我相信捕获所有全局赋值的足够规则是在 def
表达式中简单地忽略它们(注意 def
关键字本身可能在任何位置缩进level),否则解析 =
左边的任何符号(注意可能不止一个,因为 Python 支持元组赋值)。
解决方法
Etags 似乎无法为 Python 文件生成此类信息,您可以通过在简单的测试文件上运行它来轻松验证:
x = 3
def fun():
pass
运行 etags test.py
会生成一个包含以下内容的 TAGS 文件:
/tmp/test.py,13
def fun(3,7
如您所见,此文件中完全没有 x
,因此 Emacs 没有机会找到它。
调用 etags
的手册页通知我们有一个选项 --globals
:
--globals
Create tag entries for global variables in Perl and Makefile.
This is the default in C and derived languages.

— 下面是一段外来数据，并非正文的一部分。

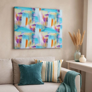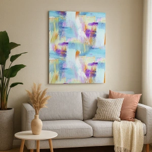 Lærredet er spændt op over rammen. Siderne og kanterne trykkes for at danne en fortsættelse af billedet. Maleriet er klar til at blive hængt op på væggen. Hvert produkt har en bøjle, der er fastgjort til rammen, og et samlesæt (skrue + dyvel).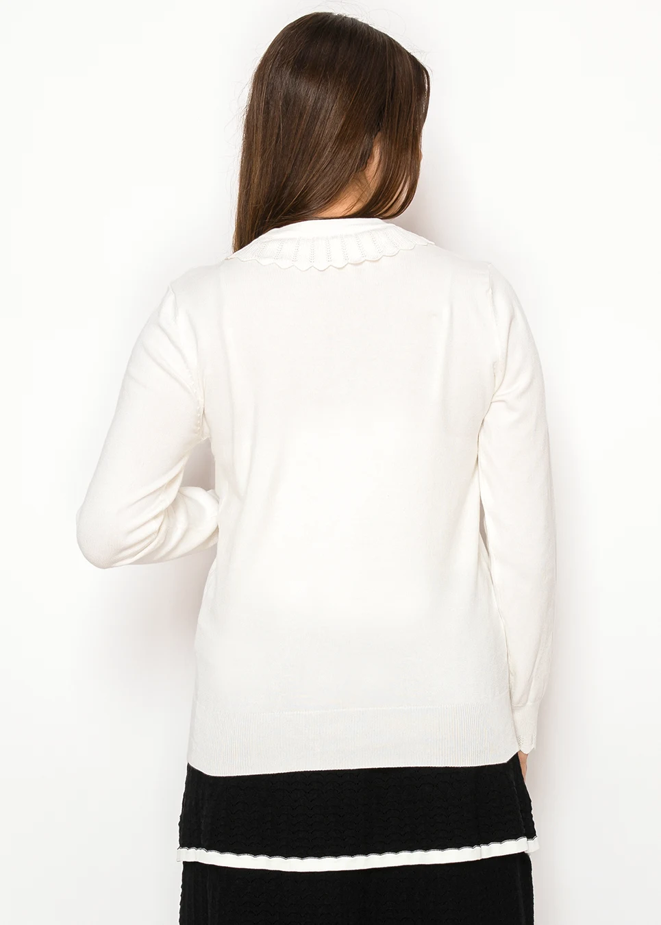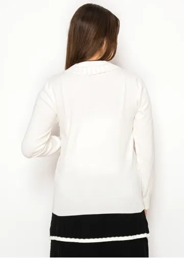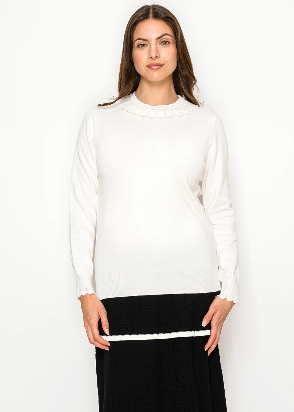 Soft White Knit Sweater with Scallop Trim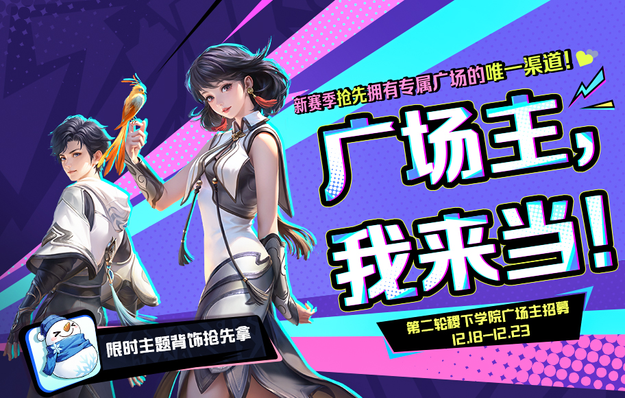 今日稷下学院将开启第二轮广场主招募,首轮未参与的召唤师们,快抓紧时间报名吧~新赛季抢先拥有专属广场的唯一渠道就在这里!通过筛选并成功成为广场主,还将获得限时主题背饰。

然而,这似乎是文档与实现不同步的可悲案例之一,因为此选项似乎不存在。 (etags -h
也没有列出它,只有 --no-globals
- 可能是因为 --globals
是默认值,如上所述。)
然而,即使 --globals
是默认值,文档片段也表明它仅适用于 Perl、Makesfiles、C 和派生语言。我们可以通过创建另一个简单的测试文件来检查是否是这种情况,这次是针对 C:
int x = 3;
void fun() {
}
实际上,运行 etags test.c
会生成以下 TAGS 文件:
/tmp/test.c,26
int x 1,0
void fun(3,12
您看到 x
已被正确识别为 C。因此,对于 Python,etags
似乎根本不支持全局变量。
但是,由于 Python 使用空格,因此在源文件中识别全局变量定义并不太难——对于所有不以空格开头但包含 {{1} 的行,您基本上可以使用 grep
}} 符号(当然也有例外)。
因此,我编写了以下脚本来执行此操作,您可以将其用作 =
的直接替代品,因为它在内部调用 etags
:
etags
使用方便的名称将此脚本存储在您的 #!/bin/bash
# make sure that some input files are provided,or else there's
# nothing to parse
if [ $# -eq 0 ]; then
# the following message is just a copy of etags' error message
echo "$(basename ${0}): no input files specified."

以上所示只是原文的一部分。